→ Aim of the exercise
Here is the task for the records below: repeat exactly the lines from the one with "mitten av juni" to the one with "Triebwagen 011 auf", both included, and nothing else.

(Task material)

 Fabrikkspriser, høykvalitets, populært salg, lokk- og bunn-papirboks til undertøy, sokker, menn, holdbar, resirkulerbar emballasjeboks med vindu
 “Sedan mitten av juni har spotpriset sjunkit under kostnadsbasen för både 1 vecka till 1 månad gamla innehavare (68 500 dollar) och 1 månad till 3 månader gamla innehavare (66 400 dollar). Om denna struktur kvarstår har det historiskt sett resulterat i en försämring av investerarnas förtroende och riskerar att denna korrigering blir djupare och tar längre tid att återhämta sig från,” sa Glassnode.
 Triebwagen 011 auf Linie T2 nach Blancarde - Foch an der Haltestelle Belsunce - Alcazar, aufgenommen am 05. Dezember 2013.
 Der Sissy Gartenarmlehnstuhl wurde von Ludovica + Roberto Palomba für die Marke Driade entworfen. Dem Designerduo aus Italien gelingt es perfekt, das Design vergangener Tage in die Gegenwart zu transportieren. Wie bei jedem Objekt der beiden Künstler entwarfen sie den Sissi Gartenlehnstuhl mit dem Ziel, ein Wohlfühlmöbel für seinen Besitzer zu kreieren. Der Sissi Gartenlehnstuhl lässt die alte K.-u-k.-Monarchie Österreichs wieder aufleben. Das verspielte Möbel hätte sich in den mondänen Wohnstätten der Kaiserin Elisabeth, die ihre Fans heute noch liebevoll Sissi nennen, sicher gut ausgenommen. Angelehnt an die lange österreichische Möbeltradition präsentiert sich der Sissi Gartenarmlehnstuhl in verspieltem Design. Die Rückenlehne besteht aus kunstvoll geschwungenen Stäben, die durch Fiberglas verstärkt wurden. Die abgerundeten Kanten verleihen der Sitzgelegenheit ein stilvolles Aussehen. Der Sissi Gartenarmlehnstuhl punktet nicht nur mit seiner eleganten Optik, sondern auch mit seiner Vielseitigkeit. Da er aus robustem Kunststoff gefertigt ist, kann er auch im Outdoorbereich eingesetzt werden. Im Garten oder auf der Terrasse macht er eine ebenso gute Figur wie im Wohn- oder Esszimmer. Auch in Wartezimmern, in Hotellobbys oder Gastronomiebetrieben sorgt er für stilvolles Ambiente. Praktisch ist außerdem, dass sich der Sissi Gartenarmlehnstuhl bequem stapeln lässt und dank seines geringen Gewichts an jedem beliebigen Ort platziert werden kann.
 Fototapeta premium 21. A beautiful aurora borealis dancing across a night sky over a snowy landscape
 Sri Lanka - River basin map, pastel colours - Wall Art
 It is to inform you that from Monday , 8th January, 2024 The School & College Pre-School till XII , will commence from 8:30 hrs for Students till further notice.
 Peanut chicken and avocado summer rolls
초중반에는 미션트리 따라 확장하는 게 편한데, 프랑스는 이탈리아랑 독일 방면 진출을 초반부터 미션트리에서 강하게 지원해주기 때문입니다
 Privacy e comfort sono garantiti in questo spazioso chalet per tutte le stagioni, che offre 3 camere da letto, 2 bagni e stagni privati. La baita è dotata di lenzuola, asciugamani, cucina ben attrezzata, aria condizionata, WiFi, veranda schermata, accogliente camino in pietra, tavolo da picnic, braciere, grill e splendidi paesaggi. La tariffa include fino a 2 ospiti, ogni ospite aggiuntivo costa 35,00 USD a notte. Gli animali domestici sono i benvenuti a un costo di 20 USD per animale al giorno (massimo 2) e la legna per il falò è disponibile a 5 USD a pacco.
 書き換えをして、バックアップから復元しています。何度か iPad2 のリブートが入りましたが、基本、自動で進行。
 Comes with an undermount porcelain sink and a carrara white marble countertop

(End Task material)

→ Final answer
 “Sedan mitten av juni har spotpriset sjunkit under kostnadsbasen för både 1 vecka till 1 månad gamla innehavare (68 500 dollar) och 1 månad till 3 månader gamla innehavare (66 400 dollar). Om denna struktur kvarstår har det historiskt sett resulterat i en försämring av investerarnas förtroende och riskerar att denna korrigering blir djupare och tar längre tid att återhämta sig från,” sa Glassnode.
 Triebwagen 011 auf Linie T2 nach Blancarde - Foch an der Haltestelle Belsunce - Alcazar, aufgenommen am 05. Dezember 2013.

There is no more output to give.